──────── SOURCE MATERIAL ────────
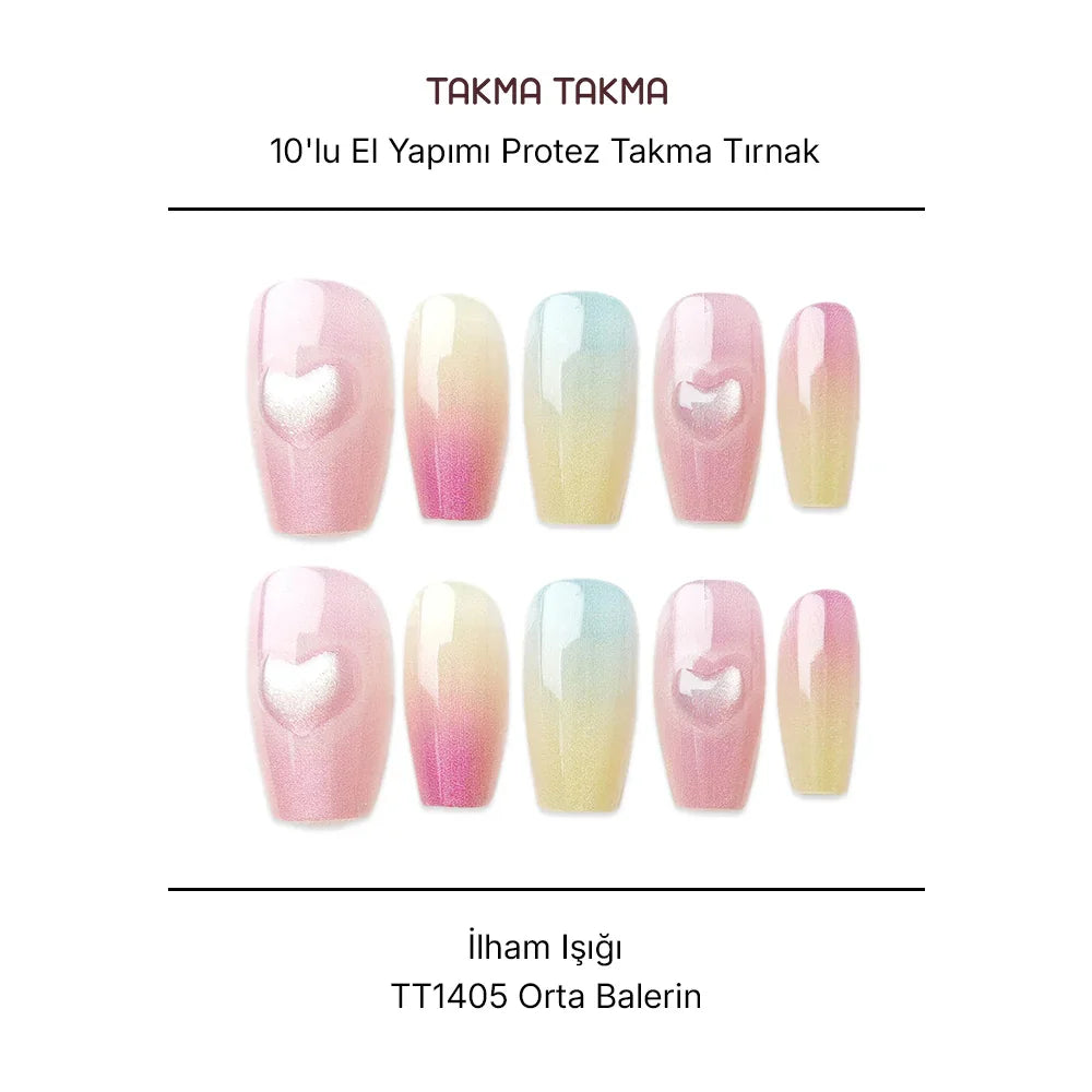 10'lu Renkli Orta Balerin TT1405 Tekrar Kullanılabilir El Yapımı Protez Takma Tırnak
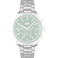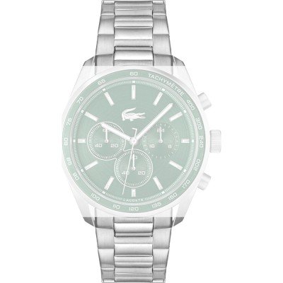 Esta bracelete de relógio Lacoste é feita de aço inoxidável e está fixada ao relógio através de pinos de pressão. A bracelete tem uma largura de 21 mm e fecha através de fivela dobrável com botões de pressão. A bracelete não tem uma montagem a direito, o que significa que esta bracelete só é adequada para os relógios listados abaixo.
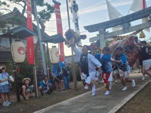 2025年8月15日(金)才田町の獅子舞があり、春日神社と八幡神社の獅子舞が披露されました。今年は、外国の方の移住もあり、大いに盛り上がった獅子舞でした。
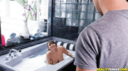 Смуглая красавица с роскошной грудью раздевается в ванне, её шелковистая кожа блестит от капель воды. Она медленно намыливает свои соблазнительные формы, не скрывая желания. Внезапно к ней присоединяется страстный мачо — его руки скользят по её телу, а упругие груди становятся ареной для горячих игр. Девушка с жадностью ласкает его член своими пышными буферами, а потом с восторгом впускает его глубоко в себя. Их тела сливаются в жарком сексе, стоны наполняют ванную, а финал — густой поток наслаждения на её алчные губки. Погрузись в этот пенистый вихрь похоти и почувствуй, как желание накрывает с головой!
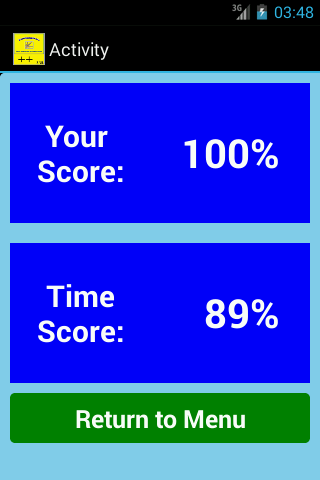 The Testing module in the app assesses the users performance in the areas of accuracy and time taken to complete 10 exercises.
────────
#### TO DO:
Both ends included, copy word for word the lines from the top of the entries above through the line with "2025年8月15日(金)才". No pictures.

#### EXERCISE RESPONSE:
 10'lu Renkli Orta Balerin TT1405 Tekrar Kullanılabilir El Yapımı Protez Takma Tırnak
 Esta bracelete de relógio Lacoste é feita de aço inoxidável e está fixada ao relógio através de pinos de pressão. A bracelete tem uma largura de 21 mm e fecha através de fivela dobrável com botões de pressão. A bracelete não tem uma montagem a direito, o que significa que esta bracelete só é adequada para os relógios listados abaixo.
 2025年8月15日(金)才田町の獅子舞があり、春日神社と八幡神社の獅子舞が披露されました。今年は、外国の方の移住もあり、大いに盛り上がった獅子舞でした。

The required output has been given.